在SAR图像中，由于目标的尺度大小往往并不一致，因此在检测过程中，进行跨尺度地识别极为必要。特征金字塔网络（Feature Pyramid Networks，FPN）^[34]通过自上而下的横向连接提取各种尺度的语义特征图，从而适应不同规模的目标检测。NAS-FPN网络^[35]通过神经体系结构搜索，在结构空间中发现新的金字塔结构。在自下而上的路径中，路径聚合网络（Path Aggregation Network，PANet）^[36]使用定位信号缩短较低层与最顶层语义特征图之间的信息路径。并行特征金字塔网络（Parallel Feature Pyramid Network，PFPNet）^[37]通过增加网络宽度而非网络深度来生成多尺度特征图。文献[38-40]针对这一问题提出了各种改进方案。

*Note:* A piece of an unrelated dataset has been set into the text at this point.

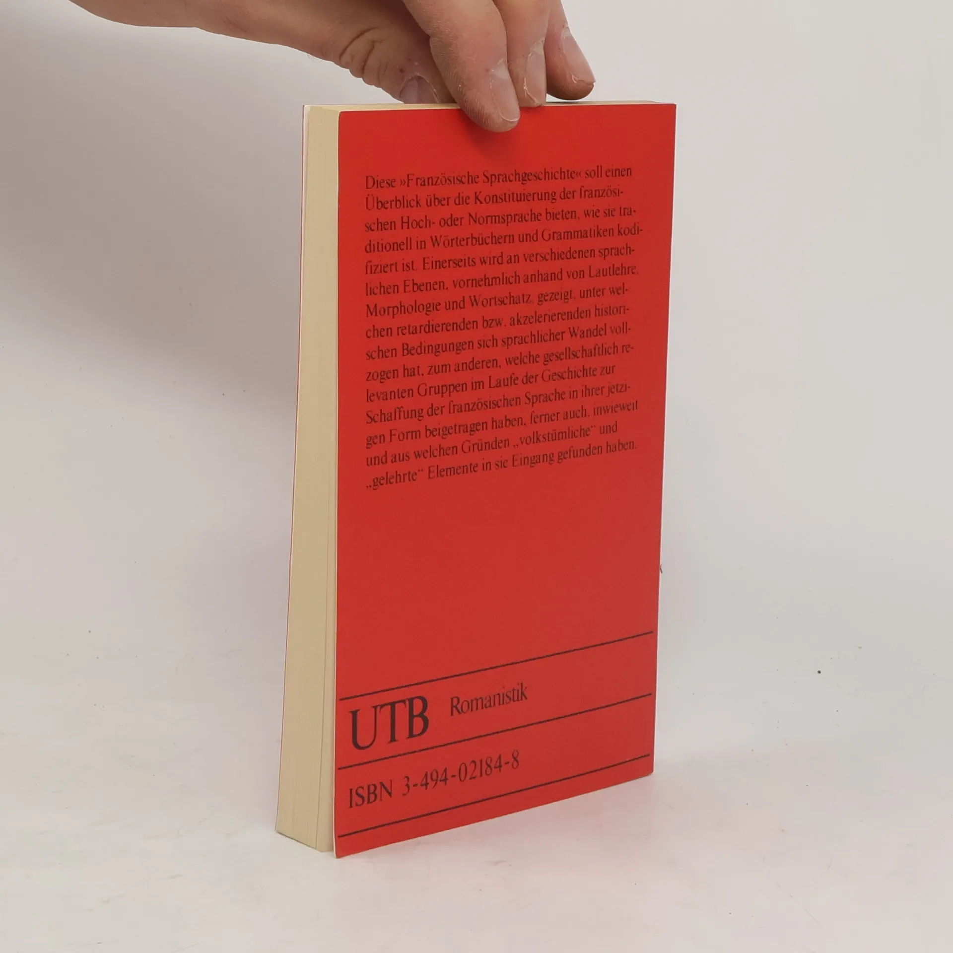 Diese "Französische Sprachgeschichte" soll einen Überblick über die Konstituierung der französischen Hoch- und Normsprache bieten, wie sie traditionell in Wörterbüchern und Grammatiken kodifiziert ist. Einerseits wird an verschiedenen sprachlichen Ebenen, vornehmlich anhand von Lautlehre, Morphologie und Wortschatz, gezeigt, unter welchen retardierenden bzw. akzelerierenden historischen Bedingungen sich sprachlicher Wandel vollzogen hat, zum anderen, welche gesellschaftlich relevanten Gruppen im Laufe der Geschichte zur Schaffung der französischen Sprache in ihrer jetzigen Form beigetragen haben, ferner auch, inwieweit und aus welchen Gründen "volkstümliche" und "gelehrte" Elemente in sie Eingang gefunden haben.
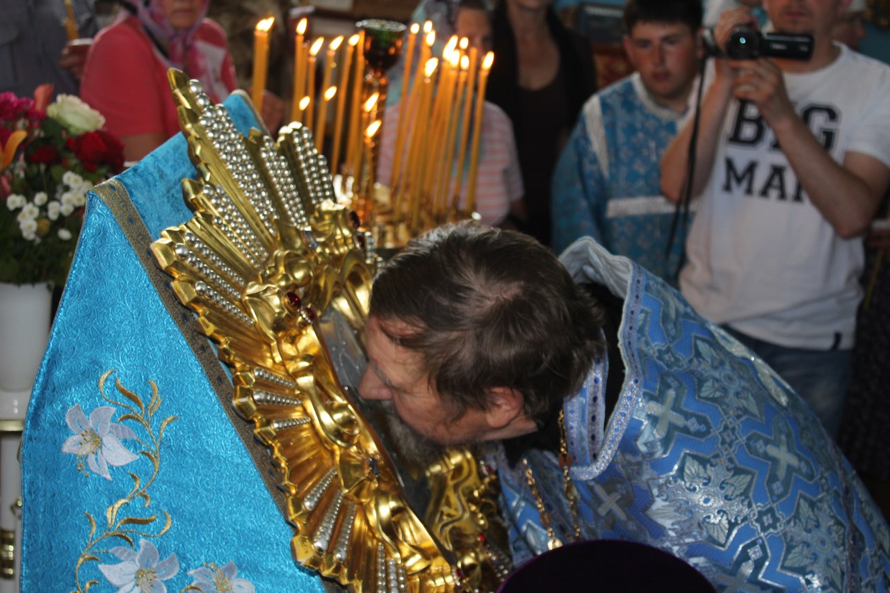 А палове шостай гадзіны вечара ў царкве пачаўся малебен і пакланенне святыні. Храм не зачыняў свае дзверы да позняга часу, бо вельмі шмат людзей прыйшло ў той дзень, каб дакрануцца да іконы Прасвятой Багародзіцы, у думках папрасіць у Найсвяцейшай Дзевы Марыі заступніцтва, дапамогі і падтрымкі.

注意力机制可以让模型专注于重要的信息而忽略不重要的信息，以此提升模型的性能。注意力机制通常分为空间域注意力和通道域注意力。SENet^[41]是通道域注意力的典型代表之一。SENet网络通过挤压进行特征聚合，之后再通过激励进行特征的再次校准。BELLO等^[42]提出一种二位相对自注意力模块生成注意力特征图，通过与卷积特征图级联来增强特征图的语义表示。与文献[42]不同，CBAM^[43]将注意力特征图与卷积特征图相乘来自动地适应细化特征。WANG等^[44]则表明避免降维对通道域注意力很重要，并提出ECA模块来平衡网络性能与复杂性。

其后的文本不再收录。